Statt sich – aus Angst vor einem womöglich falschen „Timing“ – gar nicht erst an die Aktienmärkte zu trauen, sollten Anleger über einen schrittweisen Einstieg in die Märkte nachdenken. Die Aufteilung kann dabei variabel sein. So kann in einem ersten Schritt zunächst „nur“ die Hälfte der Anlagesumme direkt investiert und der restliche Betrag auf mehrere Nachinvestitions-Schritte aufgeteilt werden. Eine weitere Möglichkeit ist der Einsatz von monatlichen Sparplänen.
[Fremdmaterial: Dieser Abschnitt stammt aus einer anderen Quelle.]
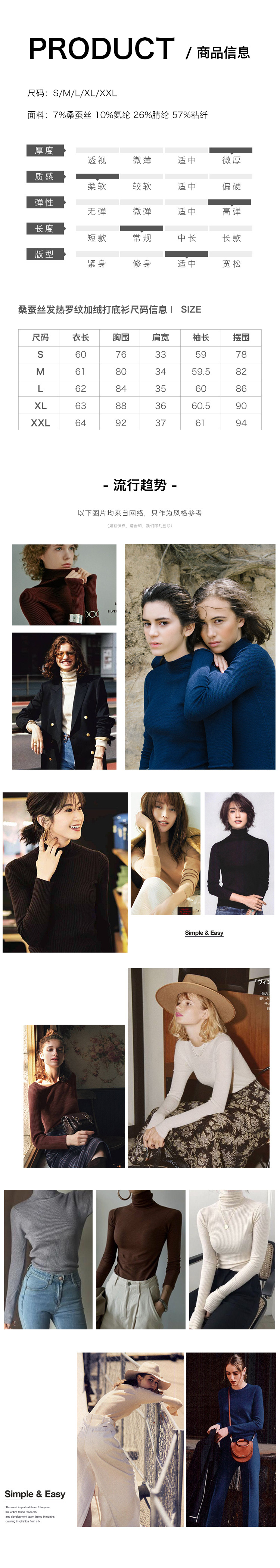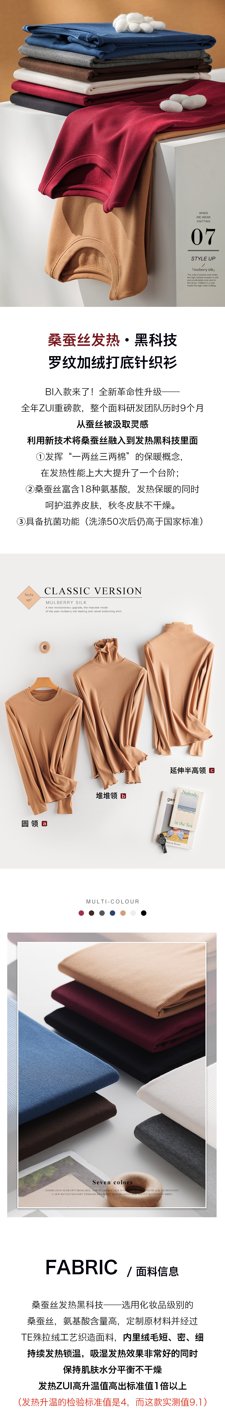 新桑蚕丝发热罗纹加绒滋养皮肤多色保暖内衣女 女式打底衫保暖衣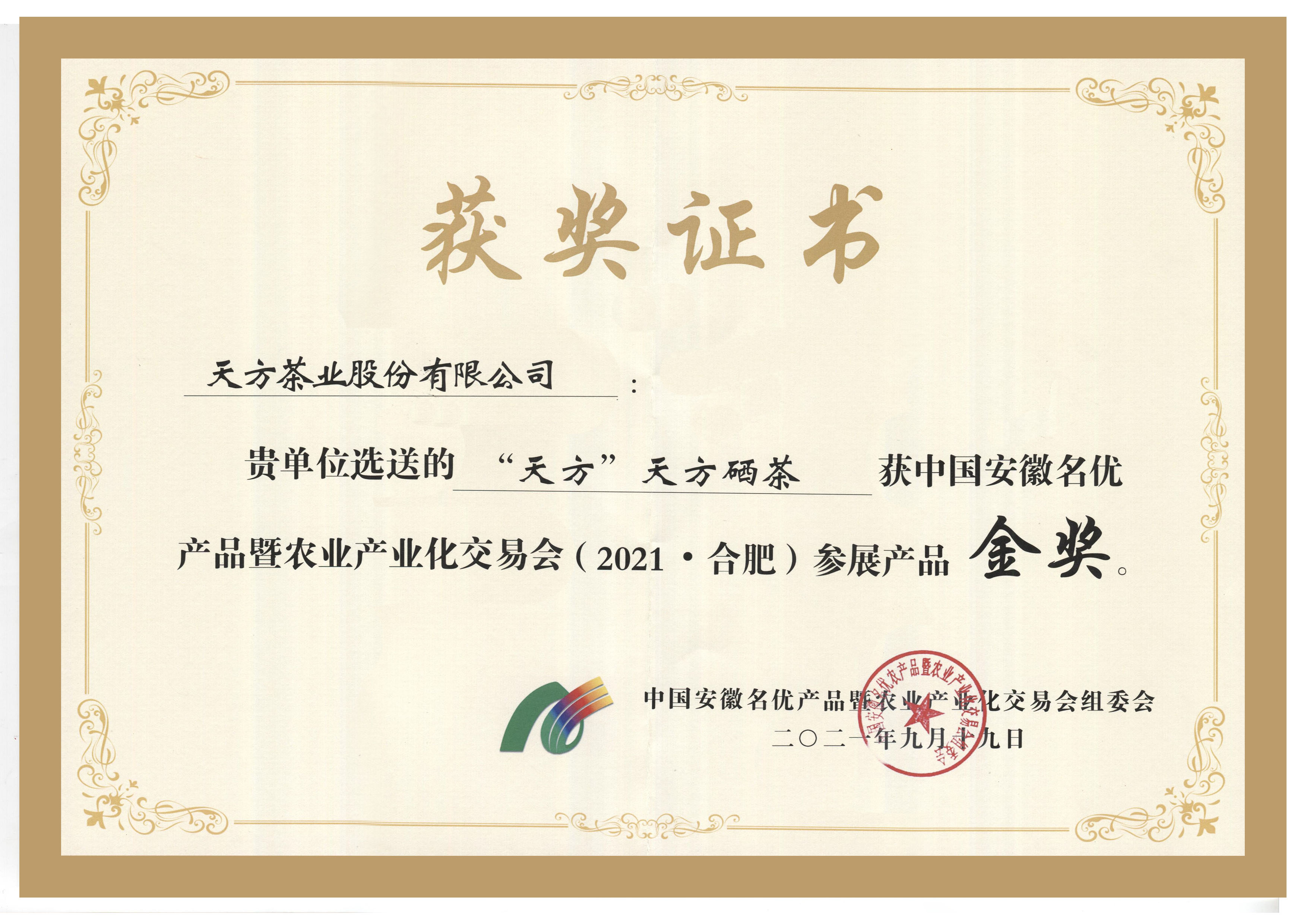 天方硒茶榮獲中國安徽名優(yōu)產(chǎn)品暨農(nóng)業(yè)產(chǎn)業(yè)化交易會(huì)(2021·合肥)參展產(chǎn)品金獎(jiǎng)

So kann das Timing-Risiko gesenkt und gleichzeitig der „Cost-Average-Effekt“ genutzt werden.

Dieser Durchschnittskosten-Effekt funktioniert wie folgt: Wer zu einem festen Betrag regelmäßig Anteile von Wertpapieren mit hoher Schwankung kauft, erhält auch entsprechend schwankende Mengen dieser Wertpapiere. Bei hohen Kursen wird dann nur eine geringere Anzahl Wertpapieranteile gekauft. Sind die Kurse hingegen günstig, werden auch mehr Anteile gekauft. Der durchschnittliche gezahlte Preis pro Anteil ist damit deutlich niedriger als beim regelmäßigen Kauf einer festen Anzahl von Anteilen. Und wie schon die alte Kaufmannsregel besagt: „Im Einkauf liegt der Gewinn!”

Dieser Effekt ist gerade dann am größten, wenn die Schwankungen am Markt besonders hoch sind – also wie in den letzten Monaten. In Zeiten relativ stabil fallender oder steigender Kurse wirkt er sich hingegen nicht mehr positiv aus.

Wichtiger als die Durchschnittskosten beim regelmäßigen Sparen ist aber vermutlich der psychologische Effekt. Der automatisierte Kauf macht es für Anleger leichter die gewählte Anlagestrategie diszipliniert durchzuhalten. Nachweislich der wichtigste Faktor für den Erfolg einer Anlage! Die geringeren Anlagebeträge schonen die Nerven auch bei schwankenden Kursen und Unsicherheit am Markt. Zwischenzeitliche Kursrücksetzer können sogar ein Grund zur Freude sein. Bieten sie doch die Möglichkeit für günstige Nachkäufe aus der noch gehaltenen Liquidität. Dieser psychologische Vorteil ist nicht zu unterschätzen und verhindert einen panikgetriebenen Abschied aus dem Markt. Denn dieser kostet in der Regel die meiste Rendite.

Fazit
Für Anleger, die der aktuellen Markterholung noch nicht so recht trauen oder von der Sorge um den richtigen Einstiegszeitpunkt gelähmt werden, bietet sich ein schrittweises Vorgehen an. In der Börsengeschichte hat sich immer wieder gezeigt, dass sich Investitionen in schwierigen Zeiten besonders lohnen. Dabei sollte aber nicht versucht werden, den „perfekten“ Einstiegspunkt zu treffen. Dies ist nahezu unmöglich und spielt für langfristig denkende Sparer auch nur eine untergeordnete Rolle. Viel wichtiger ist es, mit Geduld und Disziplin bei der Sache zu bleiben. Oder überhaupt erst in den Markt zu gehen. Denn: Untätigkeit in der Krise ist für Anleger keine gute Alternative.